Guideline rules for building and maintaining a skills-matrix & cross-training platform (Slack/Trello integrations) that supports continuous learning in software teams.
Your team's expertise is trapped in silos, and it's costing you velocity. When the React expert goes on vacation, your sprint grinds to a halt. When the database guru leaves, tribal knowledge walks out the door. Manual skills tracking in spreadsheets is a joke—outdated the moment you save it.
Every engineering manager knows the pain:
The result? Bus factor of 1 for critical systems, context-switching chaos during code reviews, and a team that can't adapt when priorities shift.

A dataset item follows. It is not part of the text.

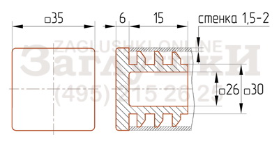 Внутренняя заглушка для металлических и хромированных труб квадратного сечения 35х35 мм. Имеет рёберную конструкцию заходящей части и подходит для труб с толщиной стенки 1,5-2 мм. Заглушка отлита из высокопрочного пластика, благодаря чему изделие отличается устойчивостью к механическим повреждениям и перепадам температуры. Не выцветает на ярком солнце и не трескается под воздействием морозов. Легко монтируется с помощью киянки или другого подобного инструмента.

These Cursor Rules build a living, breathing skills management platform that integrates directly into your team's daily workflow through Slack and Trello. Instead of fighting with spreadsheets and forgotten training docs, you get:
Real-time skills visibility with Slack commands that keep your skills matrix current:
// User updates their skills instantly
/skill add typescript expert
/skill add aws proficient
/skill list @teammate // See who can help with what
Automated training plan execution via Trello integration that tracks progress without micromanagement:
interface TrainingPlan {
id: PlanId;
targetRole: 'fullstack' | 'devops' | 'frontend';
learner: UserId;
mentor: UserId;
trelloBoardId: string;
milestones: Milestone[];
dueDate: Date;
}
Smart gap detection that surfaces skills risks before they become problems:
// Automated alerts when critical skills have single points of failure
const skillRisk = await assessSkillCoverage({
skill: 'kubernetes',
minimumExperts: 2,
currentExperts: 1
}); // Triggers Slack notification to plan manager
Eliminate Context-Switching Guesswork: No more digging through team directories or bothering people to find out who knows Terraform. Slash commands give instant skills visibility.
Accelerate Onboarding: New hires get structured learning paths with clear milestones, mentor assignments, and progress tracking that doesn't rely on manager check-ins.
Reduce Single Points of Failure: Systematic cross-training ensures critical knowledge lives in multiple heads, with automated alerts when coverage drops below safe thresholds.
Increase Team Flexibility: When priorities shift, you can quickly identify who has relevant skills or who's ready to level up through existing training plans.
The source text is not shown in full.